Tous les manuels de création littéraire et d’art du récit dramatique vous le diront: la première page est la plus importante de toutes. Que faisons-nous lorsque nous traversons les allées d’une librairie à la recherche d’un bouquin à se mettre dans les mains? Nous regardons la couverture, la quatrième de couverture, puis nous l’ouvrons pour en lire quelques passages pris au hasard. Si nous sommes séduits, il faudra reprendre à zéro et démarrer la lecture par le premier chapitre –il pourra nous arriver de sauter la préface pour entrer plus vite dans le vif du sujet. Et qu’est-ce qui fera que nous tournerons la page? Pourquoi poursuivrons-nous la lecture? C’est tout le travail de l’accroche.

«Longtemps, je me suis couché de bonne heure»

Meilleure est la première phrase, moins nous décrochons: «Aujourd’hui, maman est morte» (L’Etranger, d’Albert Camus); «Longtemps, je me suis couché de bonne heure.» (Du côté de chez Swann, de Marcel Proust); «Si vous voulez vraiment que je vous dise, alors sûrement la première chose que vous allez demander c’est où je suis né, et à quoi ça a ressemblé, ma saloperie d’enfance, et ce que faisaient mes parents avant de m’avoir, et toutes ces conneries à la David Copperfield, mais j’ai pas envie de raconter ça et tout» (L’Attrape-cœurs, de J.D. Salinger).

«C’était une nuit sombre et orageuse» («It was a dark and stormy night»), parfois traduite «Par une nuit sombre et orageuse…» est une phrase qui semble avoir été lue un milliard de fois. L’un des responsables de ce déjà-vu est Charles M. Schutz, le père de Snoopy. Au fil des albums de Peanuts, le chien cherchant l’inspiration face à sa machine à écrire commence toujours son histoire par «C’était une nuit sombre et orageuse». Une phrase qui n’a pas été choisie au hasard, puisqu’elle symbolisait pour Schutz la phrase cliché par excellence. Peanuts a, depuis les années 1950, été publié dans 75 pays différents et dans 21 langues, pour plus de 350 millions de lecteurs quotidiens.

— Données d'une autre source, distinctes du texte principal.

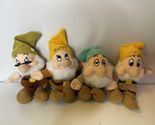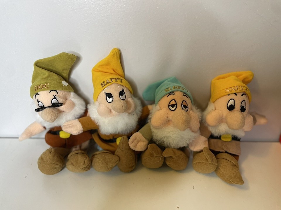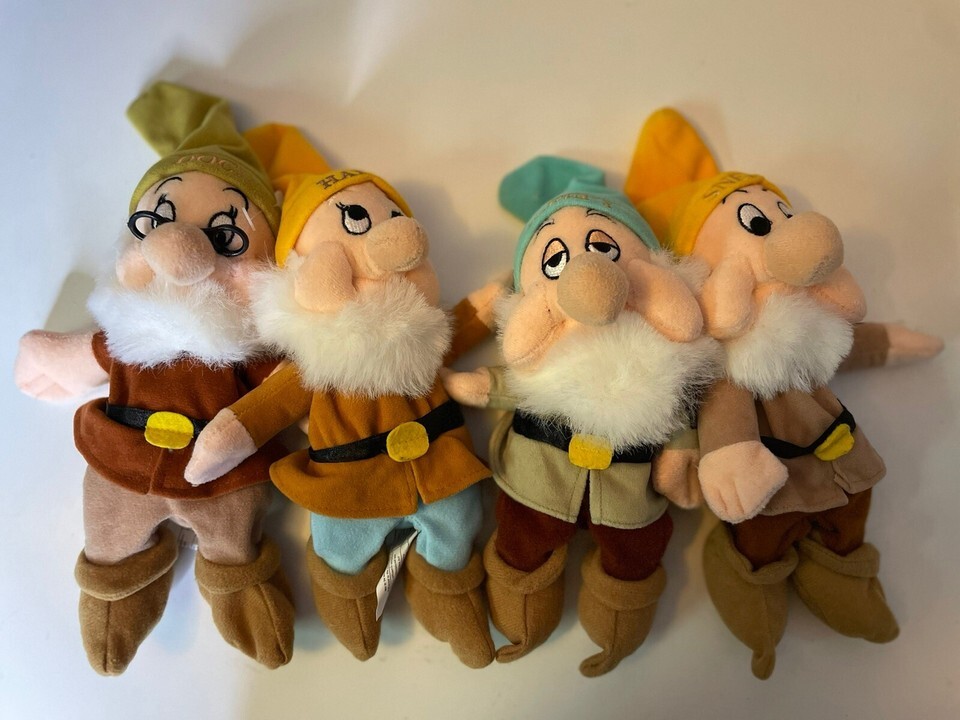 This vintage set of plush toys features the beloved characters from Walt Disney's Snow White and the Seven Dwarfs. Made between 2000-2020, these collectibles are perfect for any Disneyana enthusiast. The set includes four plush toys, featuring the dwarfs from the classic film. The toys are in great shape and are ready to be added to your collection. They are perfect for display, play, or as a gift for a fellow Disney lover.

Et ainsi le destin de l’œuvre d’Edward Bulwer-Lytton fut scellé.

Certifiée «pire première phrase de tous les temps» par le Professeur Scott Rice du département de langue anglaise à l’université américaine de San José, elle devient en 1982 l’objet d’un concours de fiction. Dans la lignée des Gérard du cinéma, le Bulwer-Lytton Fiction Contest est une récompense littéraire d’un genre un peu particulier: qui parviendra à écrire «la pire première phrase de roman»?

Pas question ici de la débusquer dans des romans déjà publiés, mais de la créer. Ainsi, en 2016, c’est William Brockett, de Tallahassee en Floride, qui a remporté le prix (d’environ 150 dollars). Cet entrepreneur en bâtiment de 55 ans a imaginé cette ouverture de roman: «Même depuis le hall, l’odeur fortement nauséabonde me disait que la lueur terne couleur caramel de son bureau devait être due à une couche de nicotine de 10.000 cigarettess cuite sur une ampoule nue et suspendue à un fil effiloché depuis un plafond tâché d’eau.»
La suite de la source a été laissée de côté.